Sonbahar!

Bir yazgının içine sıkıştırılmış hüzünlerle beslenilen sürecin sonu gibidir.

Hem bahar inceliğini hem son dan haber verir.!

Eylül ayını tahmin etmek zor değildir aslında;ılık esen rüzgar arkasından yayılan toprağın kokusu dallarından süzülüp düşen yaprakların rengarenk turunculuğudur.

Arsız güneşin hareketli günlerle dolu yaz ardından sonra;

Ne beklenir ki Eylül’den?

 Güz zamanı sarı hazandır hepimizin bildiği Sonbahar.

Gerçekten dökülen dalından kopan yapraklar hatırlatmalı mı hüznü?

Yoksa hüzne verdiğimiz mevsim midir.?

Oysa;

ağaç görevini tamamladıktan sonra yaprak diplerindeki su geçiren delikleri ürettiği mantarlarla kapatıp itiverir yapraklarını.Alır kendisini dinlenmeye.

Yaprağın görevi bitmiştir.Ama insan düşene hep üzüntüsünden yaprağın acılardan kopup ağacın işi bitince onu terk ettiğini düşünür.

Düşünmeye başlanılır,öfke duyulur ağaca;

Neden terk etti kara kış kapıda iken?

Kendini koruyup kollayan yapraklar düşünce üşümekten neden korkmamıştır ki,’’ağaç’’?

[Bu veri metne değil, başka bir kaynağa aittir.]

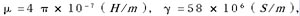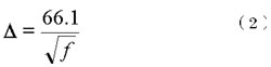 式中 △为穿透深度(mm),ω为角频率,ω=2πf(rad)。μ为导线磁导率(H/m),γ为导线导电率(S/m)。
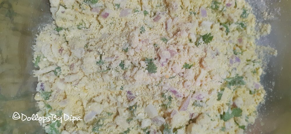 2. To prepare stuffing, mix all stuffing ingredients well. You can sprinkle little warm water if the stuffing looks dry.
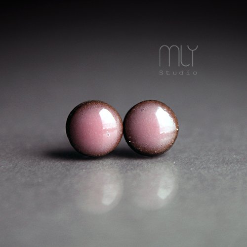 Ceramiczne okrągłe kolczyki w formie sztyftów, ręcznie wykonane z delikatnej gliny kamionkowej jednostronnie szkliwione mieszanką różowych z efektem plamek i pięknym połyskiem, na antyalergicznych sztyftach w kolorze srebrnym. Średnica ok. 6mm. Polecam . Termin realizacji zamówienia to 1-2 dni.
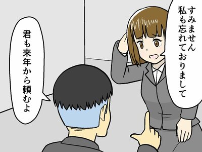 「実は、それが私からの年賀状です。係長が郵便局で年賀状を買う前に、ちょっと仕込ませていただきました。」とにっこり笑う主人公。「そうか!ちゃんと先にもらっていたんだな!」と納得する係長…。

Bir yanlışlık vardır bu işte;yeşil yaprağı düşerken sarı turuncu karışık renk olmuş mağrur ama sır dolu toprağa düşmüştür.

Eylül gelince hiç düşünülmez;

Çiçeklerin,böceklerinde bir vakti vardır.

Kendilerini enerji dolu hissettiklerinde tabiatta görünen halsiz hallerinde gizlenip göç ettikleri o ayrılık vakti..

Herkes kendine göre bir anlam yükler düşen yaprağa.

Oysa unutulmuştur;

İnsanlarında belli mevsimleri vardır.

Kimi sarışın temmuz sıcaklığına aşık.

Kimileri sağanak dolu yağışla gelen taze baharı sever.

Bazıları da lapa lapa yağan karda iyi hisseder kendisini.

Biriktirmemiz istenmiş gibi yaralar ve saklamaya çalıştığımız sıkıntılar.

Gözyaşlarımız,aşklarımız,sevdalarımız,ayrılıklarımız dönüp dolaşıp gelir hüzün verecek diye beklenir;Sonbahar da!

Daha son iki yıla kadar Eylül ayı başlayınca;içimde adını koyamadığım bir sızı başlardı.

Başıma gelenlerin,dost yanılgılarının,sevgi yanılmalarının ve her türlü ayrılıkların tek suçlusu Sonbahar;’’Eylül’dür!’’derdim.

Bu ay gelince;iyileştirmez,uslandırmaz iflah olmaz sanırdım tüm ağrılarım.

Kış kadar öldürücü olmasa da ‘’güz ‘’ün benden çok şeyi kökünden koparırcasına aldığını düşünürdüm.

Hayallerimi,umutlarımı üşütecek,ıslatıp yerden yere yapraklar gibi vuracak diye bilirdim;’’Eylül'ü’’

Sonra anladım ki;

 onca üzüntüye seçtiğim suç keçisini ben belirlemiştim.

Sonbahara kendim saklamışım çelişen çelişkilere atan hüzünlerimi…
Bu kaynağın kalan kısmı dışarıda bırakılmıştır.